The Tribunal made several significant errors of fact such that the Tribunal would likely have reached a different decision had the error not been made
32The applicant claims that the Tribunal failed to list the essential tasks of the applicant's pre-accident employment. This claim has been already raised in paragraph's [18] and [19], above
33The applicant claims that the Tribunal made numerous errors of fact at paragraph [14] of the decision in considering the video evidence showing his return to work. In particular the applicant claims that the tribunal erred by stating that the applicant was seen removing doors. The applicant also argues that the Tribunal erred by stating that he took Tylenol every three hours when he actually took Tylenol every two hours while doing work at his sister's dental clinic. This is a minor difference in the interpretation of the evidence by the Tribunal and the applicant, noting that the applicant took Tylenol every three hours is incorrect and should have been noted as every two hours. This is a minor difference of interpretation of the evidence by the Tribunal and the applicant. Even if this minor inconsistency amounted to an error of fact, the applicant has not shown that the Tribunal would likely have reached a different result had the error not been made. Regardless of whether the applicant happened to take the Tylenol every two or three hours that day or was removing doors, the totality of the evidence before the Tribunal showed that the applicant did not meet the test for entitlement to IRB.
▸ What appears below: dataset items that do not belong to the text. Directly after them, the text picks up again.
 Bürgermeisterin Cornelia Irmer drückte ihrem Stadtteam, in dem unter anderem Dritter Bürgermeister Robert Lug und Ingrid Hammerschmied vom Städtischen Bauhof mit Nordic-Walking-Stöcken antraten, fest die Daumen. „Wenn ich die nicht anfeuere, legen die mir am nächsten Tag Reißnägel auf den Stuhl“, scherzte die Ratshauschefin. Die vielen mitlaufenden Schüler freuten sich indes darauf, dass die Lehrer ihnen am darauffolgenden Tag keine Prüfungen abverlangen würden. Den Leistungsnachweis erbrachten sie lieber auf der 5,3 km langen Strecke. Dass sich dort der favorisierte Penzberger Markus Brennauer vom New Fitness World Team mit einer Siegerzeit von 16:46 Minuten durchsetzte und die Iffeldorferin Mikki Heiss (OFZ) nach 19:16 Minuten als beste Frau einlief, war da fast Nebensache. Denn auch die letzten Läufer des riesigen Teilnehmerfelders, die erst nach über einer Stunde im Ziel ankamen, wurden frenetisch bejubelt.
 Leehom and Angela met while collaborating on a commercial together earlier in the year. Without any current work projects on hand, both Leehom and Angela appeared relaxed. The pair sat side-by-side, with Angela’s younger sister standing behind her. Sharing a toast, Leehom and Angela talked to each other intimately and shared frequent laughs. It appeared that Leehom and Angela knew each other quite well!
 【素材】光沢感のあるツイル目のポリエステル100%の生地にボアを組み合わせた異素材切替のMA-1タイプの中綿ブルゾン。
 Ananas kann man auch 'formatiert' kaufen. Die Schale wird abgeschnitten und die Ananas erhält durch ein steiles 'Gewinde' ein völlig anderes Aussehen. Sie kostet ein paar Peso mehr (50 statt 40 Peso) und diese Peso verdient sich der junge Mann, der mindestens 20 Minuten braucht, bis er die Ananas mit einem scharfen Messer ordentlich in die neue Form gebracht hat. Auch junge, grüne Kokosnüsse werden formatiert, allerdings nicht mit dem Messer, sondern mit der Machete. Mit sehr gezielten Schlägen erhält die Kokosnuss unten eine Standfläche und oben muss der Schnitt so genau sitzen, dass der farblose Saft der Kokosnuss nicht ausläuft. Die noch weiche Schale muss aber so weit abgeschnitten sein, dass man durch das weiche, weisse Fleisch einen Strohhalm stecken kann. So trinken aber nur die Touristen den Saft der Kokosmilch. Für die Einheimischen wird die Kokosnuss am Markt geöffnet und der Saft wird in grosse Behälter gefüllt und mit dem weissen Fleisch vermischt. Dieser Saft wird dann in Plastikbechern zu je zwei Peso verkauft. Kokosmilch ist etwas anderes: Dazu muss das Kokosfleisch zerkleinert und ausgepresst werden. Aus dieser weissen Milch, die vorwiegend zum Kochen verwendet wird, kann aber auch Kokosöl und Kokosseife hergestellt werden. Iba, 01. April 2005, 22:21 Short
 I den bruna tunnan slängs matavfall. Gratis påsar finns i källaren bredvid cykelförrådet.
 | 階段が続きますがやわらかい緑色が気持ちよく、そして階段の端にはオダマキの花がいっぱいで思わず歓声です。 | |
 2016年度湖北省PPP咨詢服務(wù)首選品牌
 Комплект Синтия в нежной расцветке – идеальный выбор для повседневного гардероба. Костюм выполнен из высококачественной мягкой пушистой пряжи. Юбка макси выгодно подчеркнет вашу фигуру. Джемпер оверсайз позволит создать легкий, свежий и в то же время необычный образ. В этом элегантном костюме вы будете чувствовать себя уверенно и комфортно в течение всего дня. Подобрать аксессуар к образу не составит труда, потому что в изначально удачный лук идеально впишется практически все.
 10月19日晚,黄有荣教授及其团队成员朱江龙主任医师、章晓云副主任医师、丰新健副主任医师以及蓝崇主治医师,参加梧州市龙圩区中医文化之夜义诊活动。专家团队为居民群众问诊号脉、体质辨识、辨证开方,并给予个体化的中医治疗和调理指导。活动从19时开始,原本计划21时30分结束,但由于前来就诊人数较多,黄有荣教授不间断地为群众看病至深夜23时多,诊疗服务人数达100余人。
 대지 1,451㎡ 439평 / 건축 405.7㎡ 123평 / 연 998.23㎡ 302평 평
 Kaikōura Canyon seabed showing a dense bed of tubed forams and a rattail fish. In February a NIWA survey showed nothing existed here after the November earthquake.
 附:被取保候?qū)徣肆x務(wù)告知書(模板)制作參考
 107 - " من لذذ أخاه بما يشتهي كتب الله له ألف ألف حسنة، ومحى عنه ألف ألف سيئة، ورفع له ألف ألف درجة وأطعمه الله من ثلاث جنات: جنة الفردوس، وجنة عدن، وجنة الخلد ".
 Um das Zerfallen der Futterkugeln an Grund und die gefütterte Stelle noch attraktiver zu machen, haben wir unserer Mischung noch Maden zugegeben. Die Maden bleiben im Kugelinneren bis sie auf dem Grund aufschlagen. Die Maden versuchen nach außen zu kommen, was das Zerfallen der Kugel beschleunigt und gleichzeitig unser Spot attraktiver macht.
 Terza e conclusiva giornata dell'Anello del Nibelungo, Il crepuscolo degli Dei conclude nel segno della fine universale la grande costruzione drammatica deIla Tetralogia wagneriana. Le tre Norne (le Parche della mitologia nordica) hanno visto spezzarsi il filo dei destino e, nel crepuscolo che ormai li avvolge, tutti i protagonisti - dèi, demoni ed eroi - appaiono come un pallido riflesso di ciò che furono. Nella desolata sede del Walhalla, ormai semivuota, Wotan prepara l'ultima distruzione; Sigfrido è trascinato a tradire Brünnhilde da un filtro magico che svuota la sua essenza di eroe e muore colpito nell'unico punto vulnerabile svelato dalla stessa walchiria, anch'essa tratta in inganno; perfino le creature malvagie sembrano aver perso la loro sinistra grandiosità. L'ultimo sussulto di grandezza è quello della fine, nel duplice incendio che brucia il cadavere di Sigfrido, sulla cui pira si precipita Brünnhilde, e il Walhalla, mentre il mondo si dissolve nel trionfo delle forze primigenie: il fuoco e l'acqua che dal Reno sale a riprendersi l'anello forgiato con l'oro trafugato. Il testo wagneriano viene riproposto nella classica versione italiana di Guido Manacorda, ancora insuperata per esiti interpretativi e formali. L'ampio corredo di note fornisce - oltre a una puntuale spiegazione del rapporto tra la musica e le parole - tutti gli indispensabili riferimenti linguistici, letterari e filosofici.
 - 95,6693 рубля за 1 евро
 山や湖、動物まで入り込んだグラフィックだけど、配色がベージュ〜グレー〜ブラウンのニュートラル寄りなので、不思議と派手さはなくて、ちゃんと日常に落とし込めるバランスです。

34The applicant claims that the Tribunal failed in paragraph [16] to explain the evidence. Paragraph [16] is quite clear as to what Dr. Rabinovitch noted in his report.
35The applicant states that the issue of whether he hit his head in the accident as addressed set out in paragraph [18] of the decision is not relevant to any issue before the Tribunal. The applicant however claimed that he was dizzy after the accident and therefore could not go up and down ladders, which his pre-accident work required him to do. The applicant argued that the hitting of his head was therefore relevant to the dizziness and whether the dizziness was a result of the accident and whether it prevented him from retuning to his pre-accident work. The applicant also claims Dr. Katyal made different conclusions than Dr. Ganguli who completed the C. T. There is a difference of interpretation by the Tribunal and the applicant of the evidence. The Tribunal did not make the error of fact as alleged.
36The applicant complains that the Tribunal noted Dr. Rockman's comment in his report that "the applicant may not have answered in a completely forthwith manner and exaggerated certain problems". The Tribunal noted this because it is a comment that goes to the credibility of the applicant's claims. This observation was also noted in the report of Dr. Alo Seki-Out, set out in paragraph [23] of the decision.
37The applicant essentially disagrees with the weight, the preference and interpretation of some pieces of evidence over others, that the adjudicator gave. The Tribunal has looked at the medical reports of Dr. Chan, Dr. Seky-Otu, Dr. Haight and Dr. Godfrey and interpreted the evidence as it saw fit. The Tribunal does not on a reconsideration request, question the weight, or preference of evidence, or interpretation of that evidence. It is the role of the Tribunal in hearing the merits of an application to consider and weigh the evidence presented and apply its findings of fact to the law. A request for reconsideration is not an opportunity to rehear the evidence or to re-litigate the matter.
38Reconsideration on the basis of an error of law, or fact, is only warranted in cases where an adjudicator has made a significant legal or evidentiary mistake preventing a just outcome.
39I find that the Tribunal made no significant errors of fact such that the Tribunal would likely have reached a different decision, had the errors not been made.
CONCLUSION
40For the reasons noted above, I dismiss the applicant's Request for Reconsideration.